Abstract
The hypothesis is presented that the thrust faults in the plains adjacent to the Bearpaw Mountains in north-central Montana were produced by a plainsward sliding of the volcanic rocks and underlying strata down the flanks of the low sedimentary arch on which the volcanics rest. It is predicated that this slipping took place on a bed of bentonite in the Colorado shale and was aided by earth tremors that accompanied the last stages of the volcanic outbursts. The flat-lying Upper Cretaceous and lower Tertiary strata in the adjacent plains which, if more rigid, would have obstructed the plainsward sliding of the tilted mountain mass or been overridden by it were shoved plainsward and thrust-faulted for a distance of 20 to 30 miles.

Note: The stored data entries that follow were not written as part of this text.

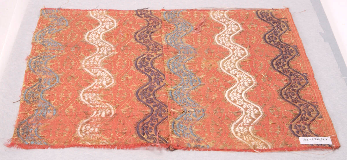 MediumPlain weave, brocaded, silk warp, discontinuous silk, and foil-wrapped silk weft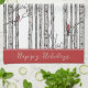 Esta moderna toalla de cocina cuenta con abedules dibujados a mano con pájaros cardenales rojos sobre ramas de tinta negra, con sombra de escotilla cruzada y un elegante fondo blanco. Personaliza con tu saludo de Navidad favorito, un nombre o un nombre de familia.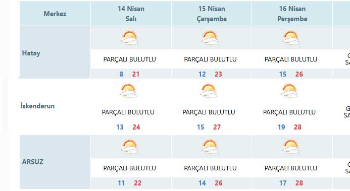 Meteorolojik tahminlere göre Hatay il merkezi Antakya’da Perşembe günü hava sıcaklığının 26 dereceye kadar yükselmesi beklenirken, sıcaklıkların Erzin’de 29, Arsuz, İskenderun, Kırıkhan ve Samandağ’da ise aynı gün 28 dereceye yükselmesi tahmin ediliyor.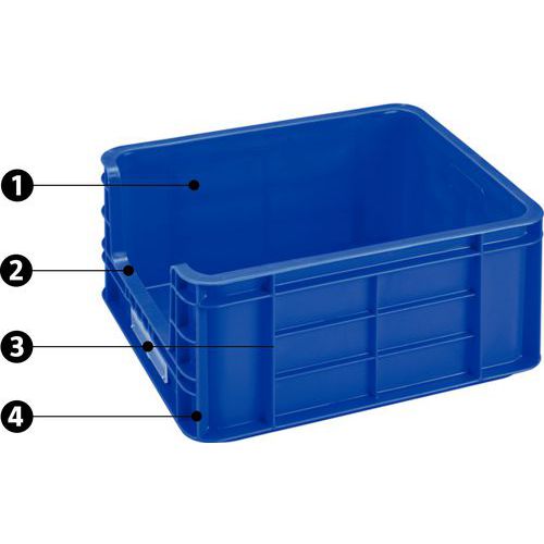 - Caja apilable de paredes lisas: limpieza fácil garantizada.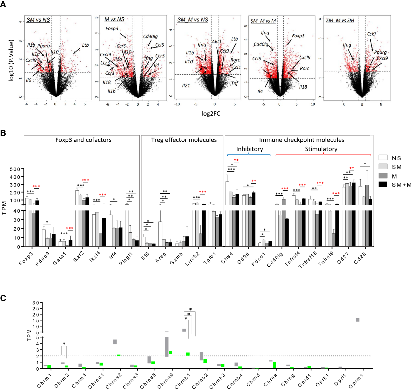 Morphine (M) is stronger than cigarette smoke (SM) in re-shaping Treg cell transcriptomes and SM + M have synergy in modulating Treg cell transcriptomes. (A) Volcano plots illustrate log 10 (p-value) in relation to the log 2 (fold change) for the treatments versus control (n = 2). The differentially expressed genes with -log10 (p. value) >1.3 and |log2FC| >1 are displayed in red. Cytokines, chemokines and receptors with transcriptomic changes are labeled. (B) Bar graph show the level of transcripts of Foxp3 and cofactors, Treg effector molecules, and immune checkpoint molecules in Treg from four groups. (C) Bar graph show the level of transcripts of 15 nicotinic receptors and 4 opioid receptors in Treg from four groups. TPM, Transcripts per Million mapped reads (T test, *p < 0.05, **p < 0.01, ***p < 0.001, * in black represents the difference between SM, M or SM+M and NS control, * in red represents the difference between SM+M and SM or M).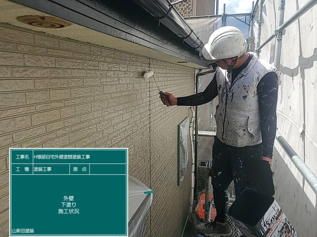 ◆外壁材と上塗りをしっかり密着させるために、下塗り材を塗っていきました。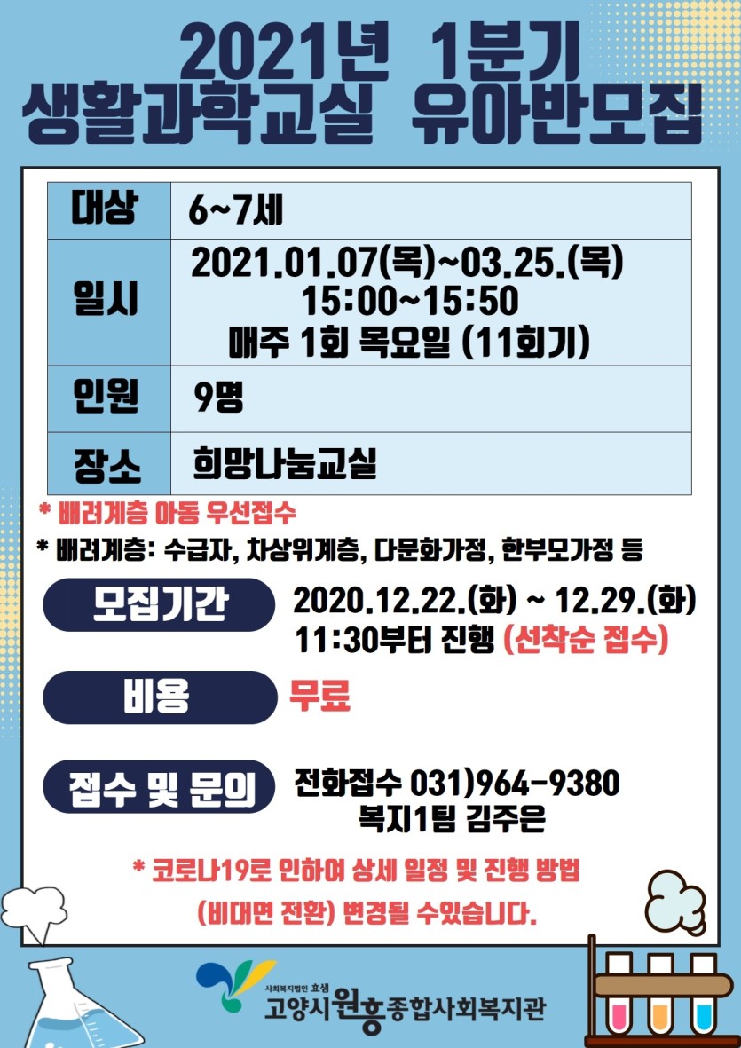 2021년 1분기 생활과학교실 유아반 모집

The faults show no progressive plainsward decrease in amount of thrust across the broad area in which they occur and are separated by wide belts of undeformed flat-lying strata. These anomalous features are attributable to slight frictional resistance t o movement offered by a slippery bentonite bed and the probability that the sedimentary rocks over part of the faulted belt were overlain and strengthened by a cover of volcanic rocks that thinned toward the outer margin of the faulted belt. The deformed strata consist chiefly of shales that were too weak to support the load involved in lifting the strata in anticlinal folds. Therefore, thrust faulting, instead of anticlinal folding, took place.